I did manage to get together with friends and do some business, and had memorable but quiet evenings Carl, Karole, Laurele, Tricia, Sara and her grand daughter, Caitlin, Alison and Jeannie, Joe and Christine. And on my way to dinner to meet Maryann, I stopped by the old apartment house to say hello. It was brief but the nostalgia was huge--I lived in that building for twenty five years.
I dropped by Lincoln Center to see the changes that have occurred in the plaza with it's new two-toned pavement--much nice than before. The fountain is handsome and the water effects are wonderful to watch. Inspecting the new grassy area over by the Mitzi Newhouse Theater, I marveled at how the complex is addressing visitor needs. You can sit in the grass or lie in it and take in the sun. The whole place looks more visitor friendly, though the marble is still cold and the 60s architecture is chilly and uninviting. Alice Tully Hall's new facade, on the other hand, invites you in. That huge glass expanse that cover the Broadway side of the theater is dramatic and compelling. There's a fine meeting place where you can have a drink, or order a sandwich and it's a pleasure to sit in this soaring space where once all was dark and gloomy. Because I was sick, I never got downtown to see the new west side walkway, and I never found the time to go to the Met or Moma to see something.

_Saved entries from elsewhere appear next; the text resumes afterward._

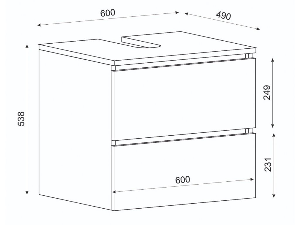 Závěsná skříňka pod umyvadlo se dvěma výklopnými dvířky je vyrobena z kvalitního lamina o tl.18 mm hraněné PVC páskou, odolného proti poškrábání v barvě matná bílá. Dodáváme v demontovaném stavu.Doplňkové parametry
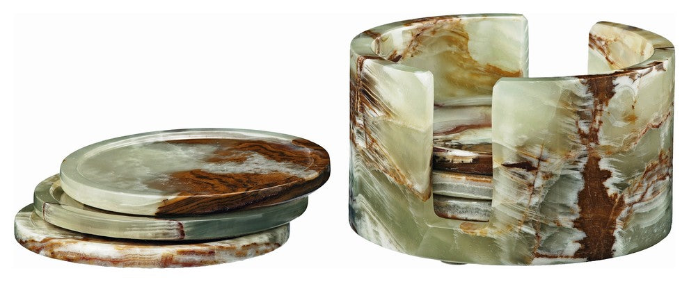 Protect your favorite table''s surface from unwanted rings or markings with our Dionysus Coasters. Included in this set is a round caddy that ensures the beverage coasters are conveniently stored and can be attractively displayed on your coffee table or kitchen countertop.
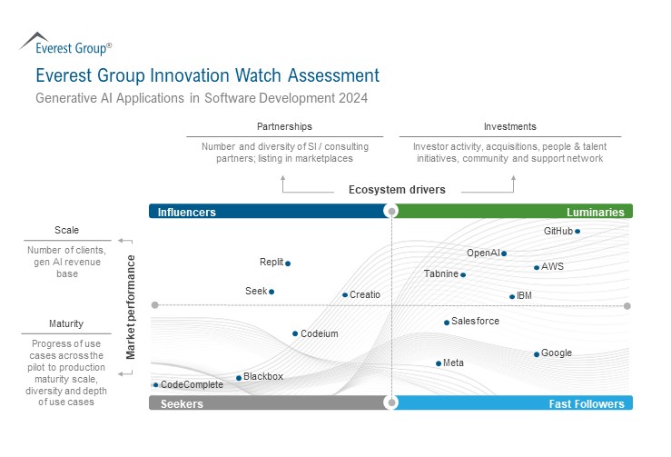 This report assesses 14 providers that offer gen AI solutions to address software development use cases, positioning them on Everest Group Innovation Watch Assessment as Luminaries, Fast Followers, Influencers, and Seekers.
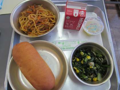 今日の献立は ミートスパゲッティーと ほうれん草のソティー。
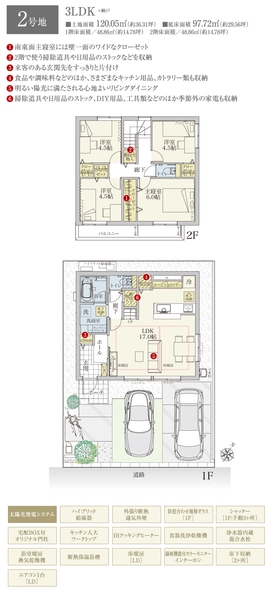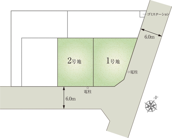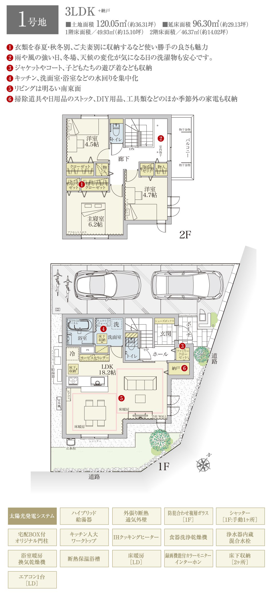 | 建物面積 | 96.30m2(1号地)、97.72m2(2号地) | 土地面積 | 120.05m2(1号地)、120.05m2(2号地) 全て私道負担なし |
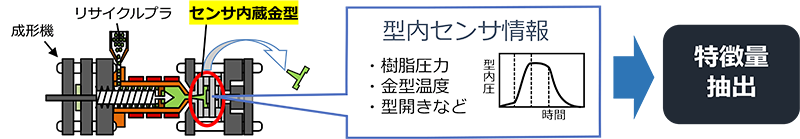 リサイクルプラスチックのロットばらつき評価には、金型センシングを用いた特徴量抽出を用います(図2)。評価には、弊社で準備した独自のセンサ内蔵引張試験片金型を標準型として使用します。
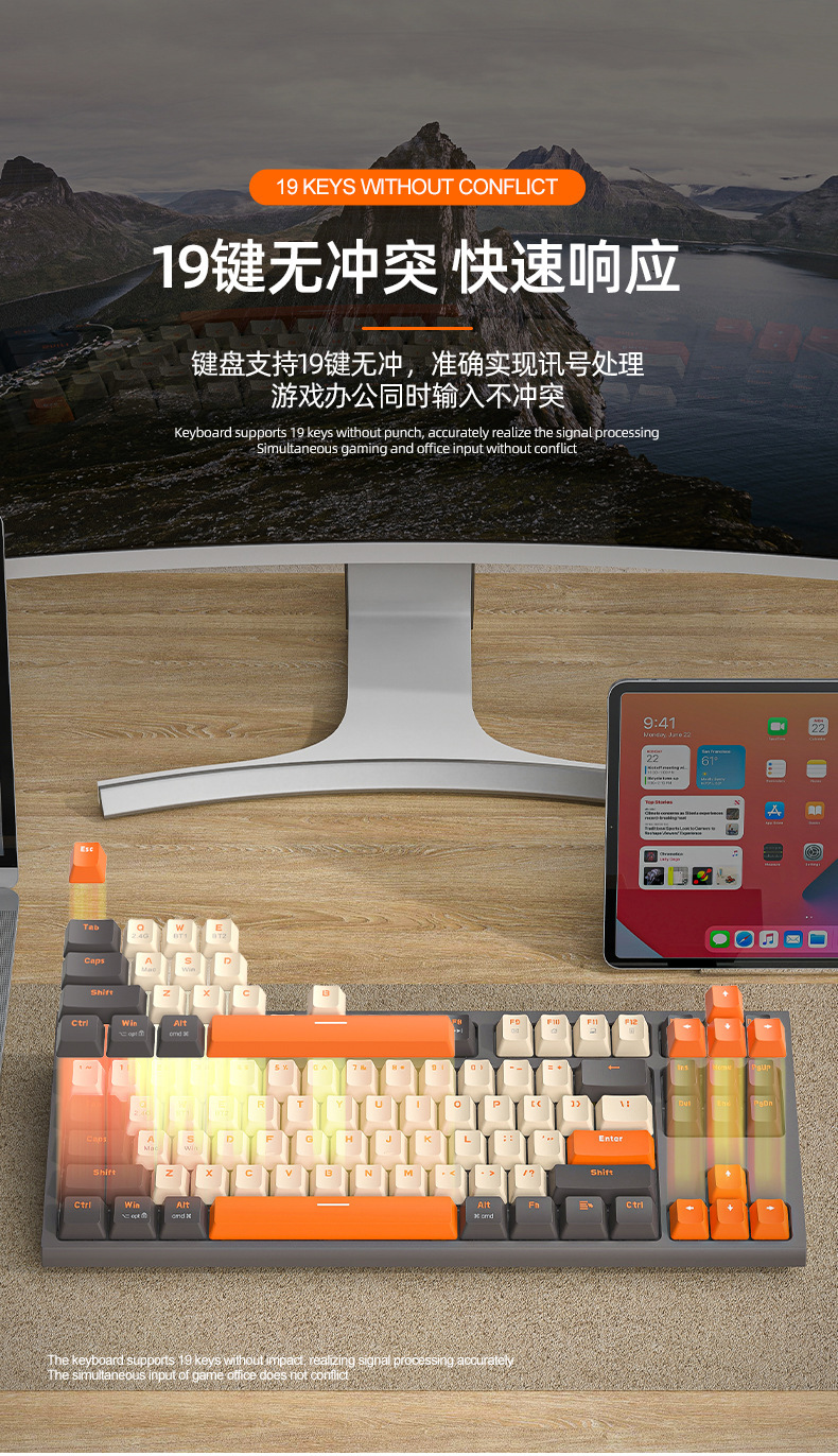 顔色 | M88無線藍牙雙模機械鍵磐嬭酪紅軸 |
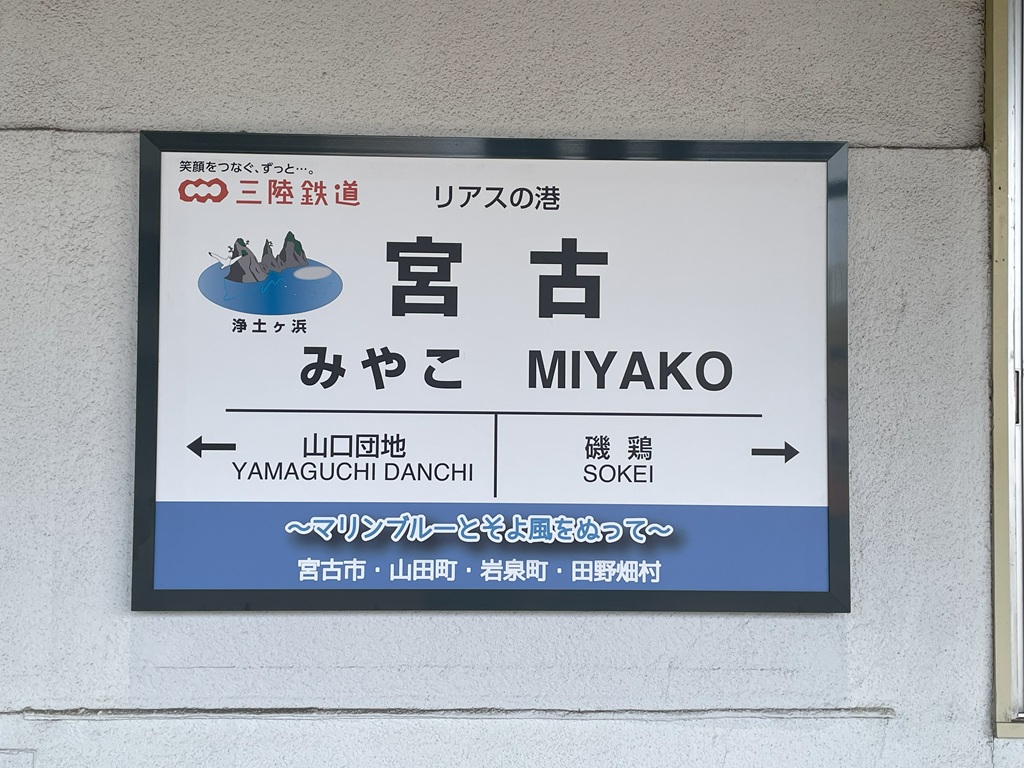 宮古駅は昨日下りた三陸鉄道の宮古駅と同じですが、「三陸鉄道の黒字化を応援するクロジカ君」を見つけたので撮っておきました。
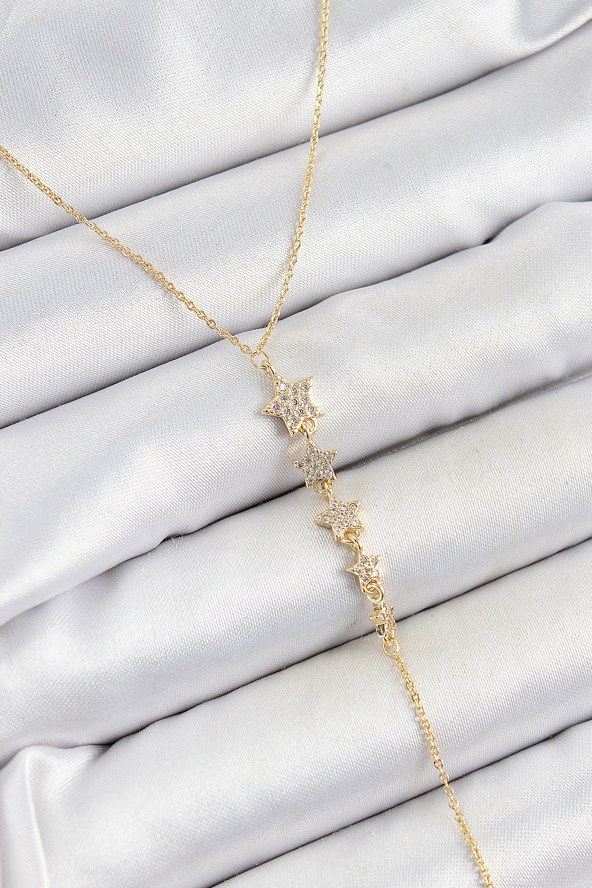 Pirinç Zirkon Taşlı Sıralı Yıldız Figürlü Y Model Gold Renk Kadın Kolye
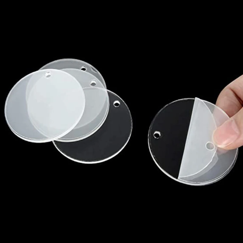 Прост в использовании: Наши прозрачный диск украшения сделаны из премиум акриловое волокно (0,12 дюйма), которые разработаны с отверстием (диаметр: 0,14 дюймов) рядом с краем, который идеально подходит для изготовления ювелирных изделий из акрила, брелки для ключей, висячие украшения или бирки. Вы можете легко связать брелки с цепочкой и Акриловые Плоские орнаменты вместе.
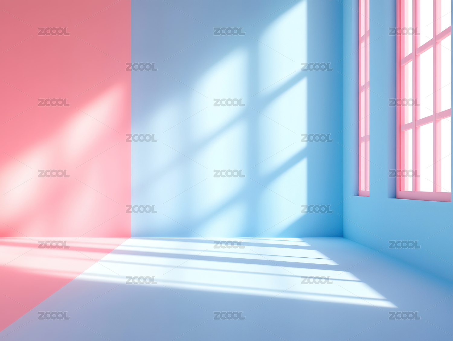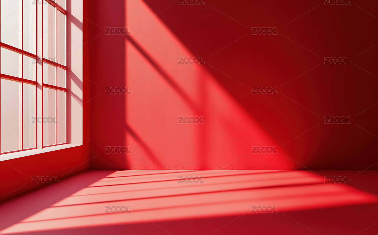 红色房间阳光透过窗户洒在地面
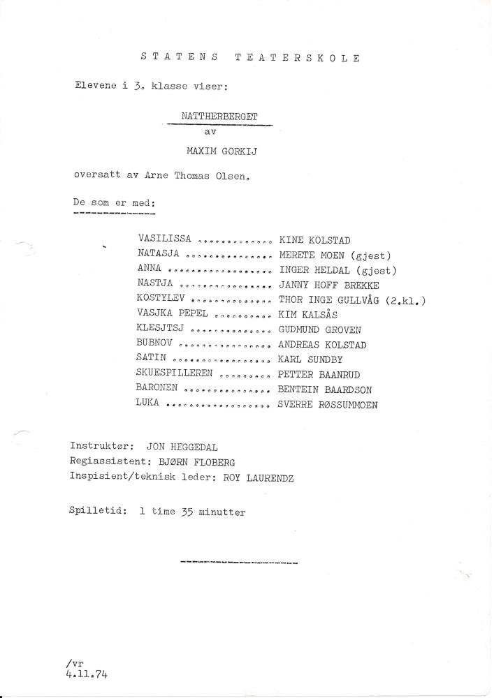 Program fra Statens teaterskoles elevvisning Nattherberget (1974) med 3.klasse skuepillerutdanningen.

Dyanne, bless her, dropped me off at Newark for the flight home. Kyle picked me up at the airport. It was raining--in fact, it had pretty much rained non-stop for the past twenty days. It's still raining the third day I'm home and is expected to cease by tomorrow for a few days.
It has held up the work on my patio, but everything was growing. I could believe the activity in my raised vegetable bed. Carrots and beets have sprouted. The spearmint is out of control and it looks as though I will be moving it to a solitary pot of its own. My first two roses have bloomed, but the rain has punished them and I'll just have to wait for the buds that are right behind to be able to bloom when it is dry. My strawberries are large and turning red now.
Beau is back to his old self and after a session with the groomer's is looking quite handsome. He just turned seven at the beginning of the month. He's endearingly noisy as usual with all his grunts, wheezings, gurglings and schnurflings (as a friend used to describe the many sound effects he makes). Beau is very happy that I'm home and tends to follow me around the house.
I do realize that Portland is very much my home now. I have completed the long cycle of separating myself from New York. It now feels like I'm a visitor rather than an occupant of that amazing town. It was a part of me for so many years but now I think I'm happy to leave it to younger, more ambitious types than me.